In [1]:
import pandas as pd

import matplotlib.pyplot as plt
from matplotlib.ticker import FuncFormatter

from data_integration import combine_data, read_data
# needed to read csv faster
import polars as pl 

## combine all

In [None]:
"""
    Calls read_data() from file "data_integration.py"
    Calls the combine_data() function from file "data_integration.py"
    Parameter:
    - 1: combine only glucose data
    - 2: combine glucose and dempgraphics
    - 3: combine glucose and heartrate
    Output: This function returns the intrgrated dataset included the restricted databases if downloaded and added to folder "datasets for T1D"
 """
restricted_list = read_data(read_all = False)

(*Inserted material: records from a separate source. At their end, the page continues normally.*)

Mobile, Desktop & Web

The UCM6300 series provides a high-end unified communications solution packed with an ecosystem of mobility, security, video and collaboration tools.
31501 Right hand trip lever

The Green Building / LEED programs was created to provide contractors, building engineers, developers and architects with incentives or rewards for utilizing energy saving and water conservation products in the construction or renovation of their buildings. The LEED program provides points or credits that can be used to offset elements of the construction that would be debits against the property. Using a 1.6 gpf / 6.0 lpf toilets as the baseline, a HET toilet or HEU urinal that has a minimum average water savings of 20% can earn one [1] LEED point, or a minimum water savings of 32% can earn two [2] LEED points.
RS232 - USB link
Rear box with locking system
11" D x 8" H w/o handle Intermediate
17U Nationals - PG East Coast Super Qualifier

# load the main dataset and combine it with the restricted data
combined_main_list = pl.read_csv("datasets for T1D/maindatabase.csv").to_pandas()
combined_main = combine_data(1, restricted_list)  
combined_main = pd.concat([combined_main, combined_main_list])
# save the full integrated dataset as a csv file
combined_main.to_csv("datasets for T1D/fullmaindatabase.csv", index=False)

In [None]:
# restricted_list = read_data(read_all = False)

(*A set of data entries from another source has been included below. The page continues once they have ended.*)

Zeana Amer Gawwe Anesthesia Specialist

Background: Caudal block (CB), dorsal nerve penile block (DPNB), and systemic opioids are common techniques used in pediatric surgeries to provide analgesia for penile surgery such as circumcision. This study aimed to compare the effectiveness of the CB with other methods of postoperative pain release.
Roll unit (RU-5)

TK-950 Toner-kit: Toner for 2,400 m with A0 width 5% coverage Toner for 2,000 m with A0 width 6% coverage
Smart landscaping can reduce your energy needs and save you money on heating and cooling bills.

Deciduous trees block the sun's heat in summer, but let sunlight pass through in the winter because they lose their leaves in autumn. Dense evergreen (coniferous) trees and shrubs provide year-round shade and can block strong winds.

# load the subdatasetI and combine it with the restricted data
combined_subI_list =  pl.read_csv("datasets for T1D/subdatabaseI.csv").to_pandas()
combined_subI = combine_data(2, restricted_list)
combined_subI = pd.concat([combined_subI, combined_subI_list])
# save the full integrated dataset as a csv file
combined_subI.to_csv("datasets for T1D/fullsubdatabaseI.csv", index=False)

In [None]:
# load the subdatasetII, no need to concatenate since the restricted databases do not include HR
combined_subII_list =  pl.read_csv("datasets for T1D/subdatabaseII.csv").to_pandas()

## Figures

### Glucose Characteristics

In [None]:
# remove null values in the GLucoseCGM column in the Main Database 
combined_main_filtered = combined_main.dropna(subset=["GlucoseCGM"])

# assign euglycemic, hyperglycemic, and hyperglycemic values 
combined_main_filtered["GLCRange"] = "Euglycemia"
combined_main_filtered.loc[combined_main_filtered["GlucoseCGM"] <= 70, "GLCRange"] = "Hypoglycemia"
combined_main_filtered.loc[combined_main_filtered["GlucoseCGM"] >= 180, "GLCRange"] = "Hyperglycemia"

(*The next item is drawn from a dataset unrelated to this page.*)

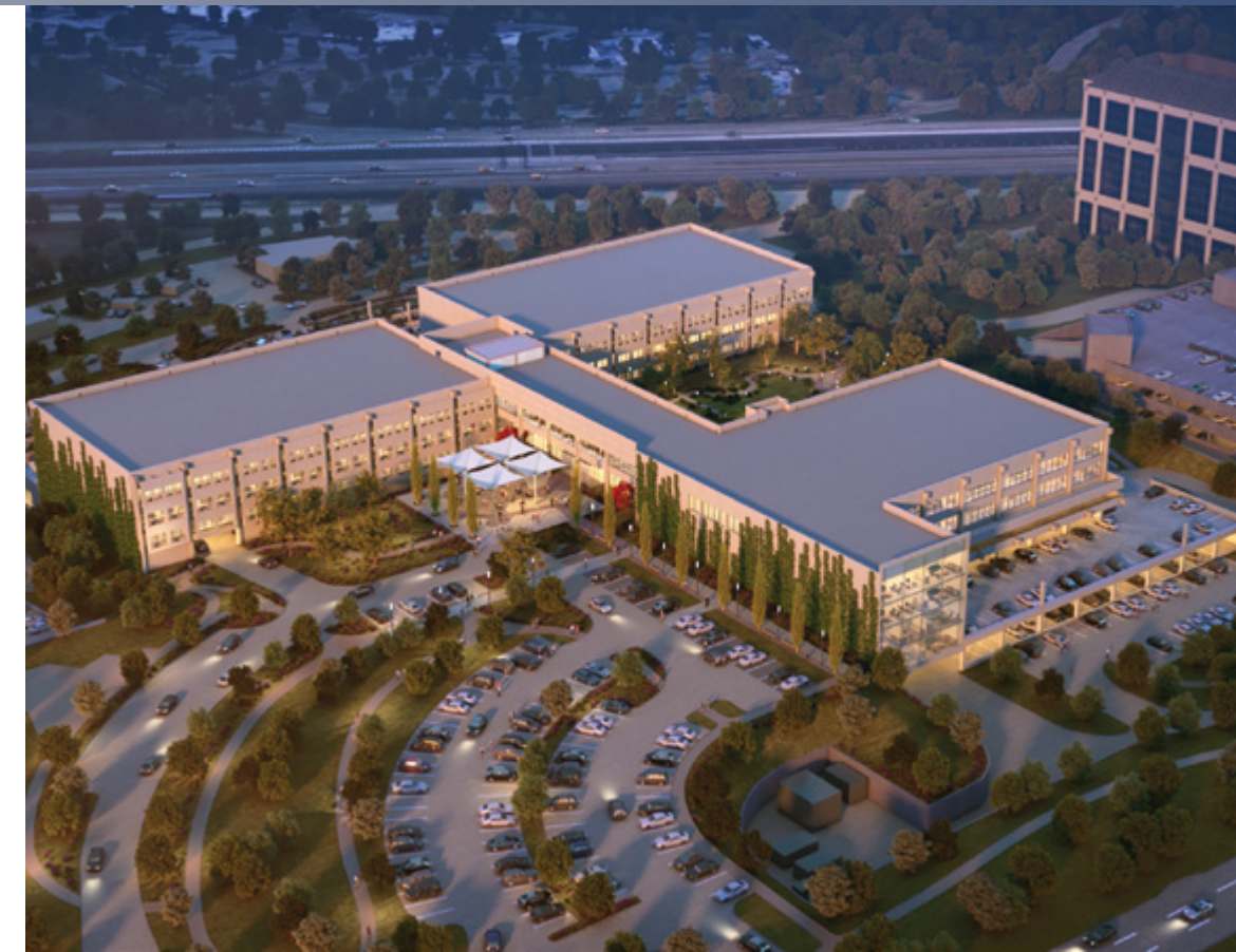
Above ▲ VARIDESK converted the former Zales HQ into a flexible office complex

Updating the space included adding amenities like outdoor spaces

ranges = combined_main_filtered["GLCRange"].unique()

# copy the dataframe and assign level 1 and level 2 hypogylcemic values
combined_plus_severe = combined_main_filtered.copy()
combined_plus_severe.loc[combined_plus_severe["GlucoseCGM"] <= 54, "GLCRange"] = "Severe Hypoglycemia"
filtered_glucose_hypo = combined_plus_severe[(combined_plus_severe["GLCRange"] == "Hypoglycemia") | (combined_plus_severe["GLCRange"] == "Severe Hypoglycemia")]
glucose_hypo_counts = filtered_glucose_hypo["GLCRange"].value_counts().sort_index()

# count the glucose values per glucose range categrory 
glucose_char_counts = combined_main_filtered["GLCRange"].value_counts().sort_index()

# Function to show both value and percentage
def make_autopct(values):
    def my_autopct(pct):
        total = sum(values)
        val = int(round(pct * total / 100.0))
        val_mio = round(val / 1_000_000, 1)
        return f"{val} ({pct:.1f}%)"
    return my_autopct


# plot the distribution of euglycemia, hypoglycemia, hyperglycemia, and plot the distribution of hypoglycemia and severe hypoglycemia
fig, (ax1, ax2) = plt.subplots(1, 2, figsize=(10, 5))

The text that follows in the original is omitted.